• [Task to carry out] Nothing but the lines from the one containing "Aunque la tasa" through the last line of the material should appear in the answer, transcribed exactly, pictures excluded.

• [Information provided]

------

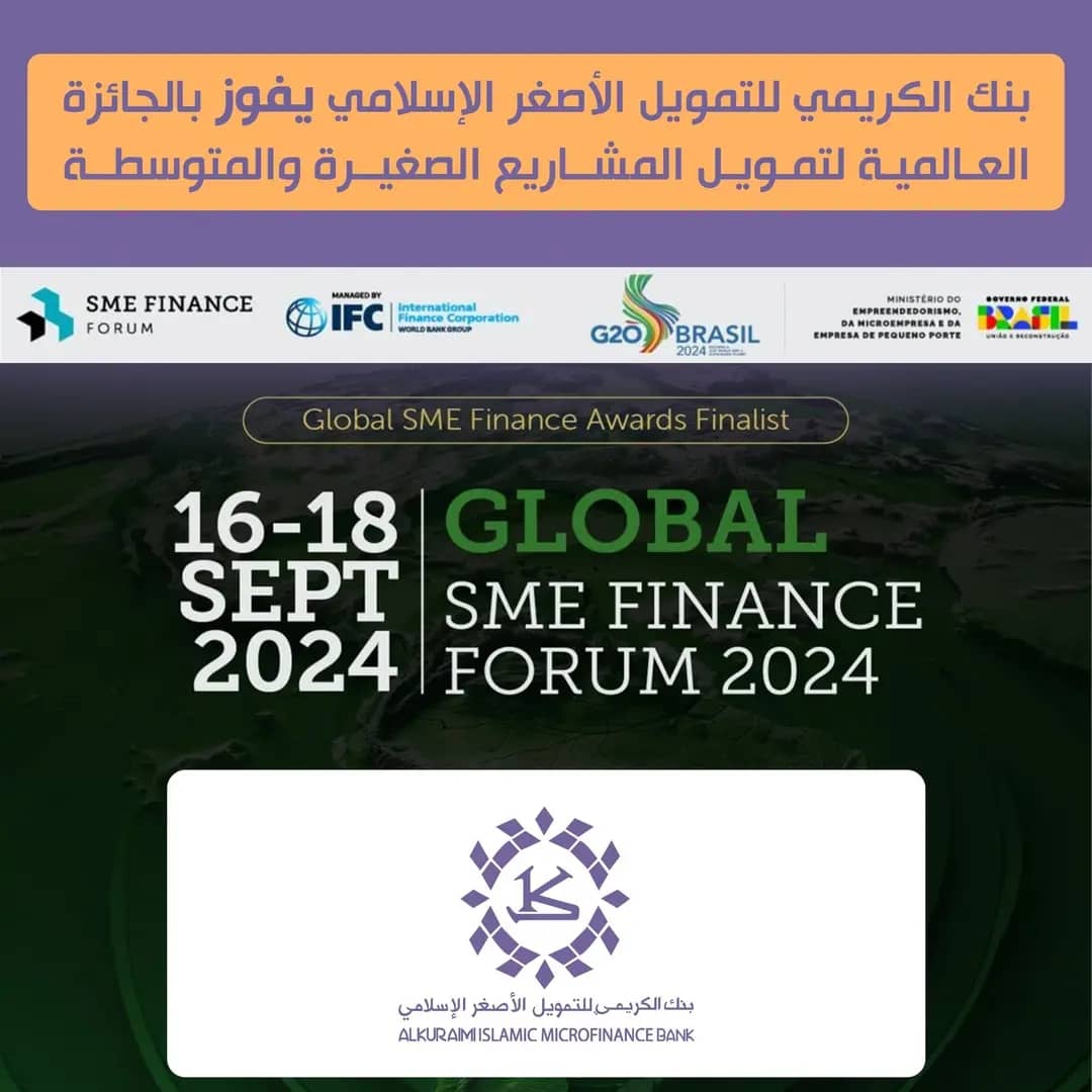 ومُنح بنك الكريمي، هذه الجائزة من قبل (منتدى المشاريع الصغيرة والمتوسطه (SME FORUME) التابعة لمؤسسة التمويل الدولية (IFC)، تكريمًا لفريق عمل البنك والتزامه العالي على كافة المستويات الإدارية بممارسات مهنية واحترافية واستثمار في بناء قدرات الكادر الوظيفي وتطوير الأنظمة التقنية بشكل مستمر متجاوزة كل التحديات والصعوبات بإرادة وعزيمة لا تلين ولا تقبل إلا النجاح والنجاح فقط.
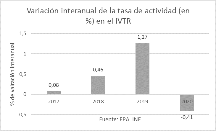 Aunque la tasa de actividad sube ligeramente en el trimestre por la búsqueda de empleo que posibilita el fin del encierro domiciliario, en tasa interanual cae un 0,41%, cuando en el mismo trimestre de 2017 subía un 0,08%, en el de 2018 crecía un 0,46%, y en el de 2019 se incrementaba un 1,27%.
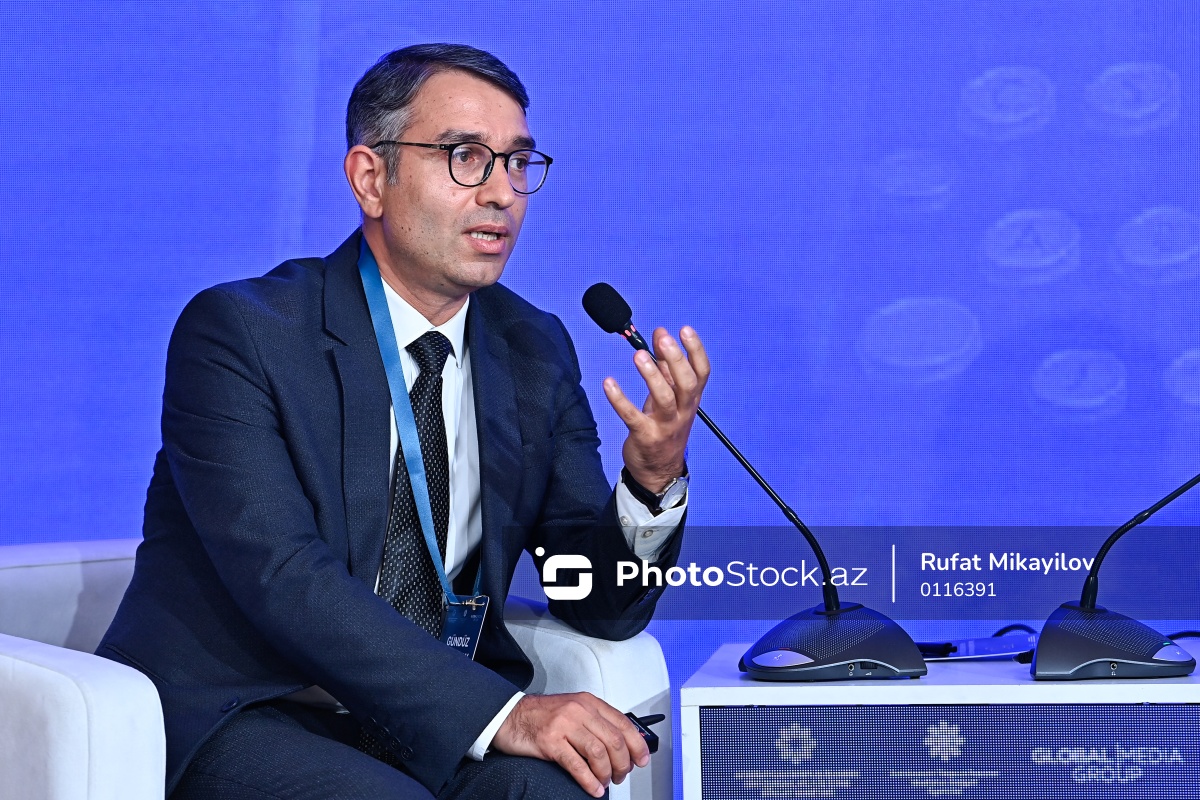 Şamaxıda “Müasir informasiya məkanı və dini etiqad azadlığı” mövzusunda keçirilən konfrans çərçivəsində “Din-media münasibətləri: yeni hədəf və çağırışlar” adlı panel sessiyada çıxış edən Dini Qurumlarla İş üzrə Dövlət Komitəsinin sədr müavini Gündüz İsmayılov.

------

• [Completed task]
 Aunque la tasa de actividad sube ligeramente en el trimestre por la búsqueda de empleo que posibilita el fin del encierro domiciliario, en tasa interanual cae un 0,41%, cuando en el mismo trimestre de 2017 subía un 0,08%, en el de 2018 crecía un 0,46%, y en el de 2019 se incrementaba un 1,27%.
 Şamaxıda “Müasir informasiya məkanı və dini etiqad azadlığı” mövzusunda keçirilən konfrans çərçivəsində “Din-media münasibətləri: yeni hədəf və çağırışlar” adlı panel sessiyada çıxış edən Dini Qurumlarla İş üzrə Dövlət Komitəsinin sədr müavini Gündüz İsmayılov.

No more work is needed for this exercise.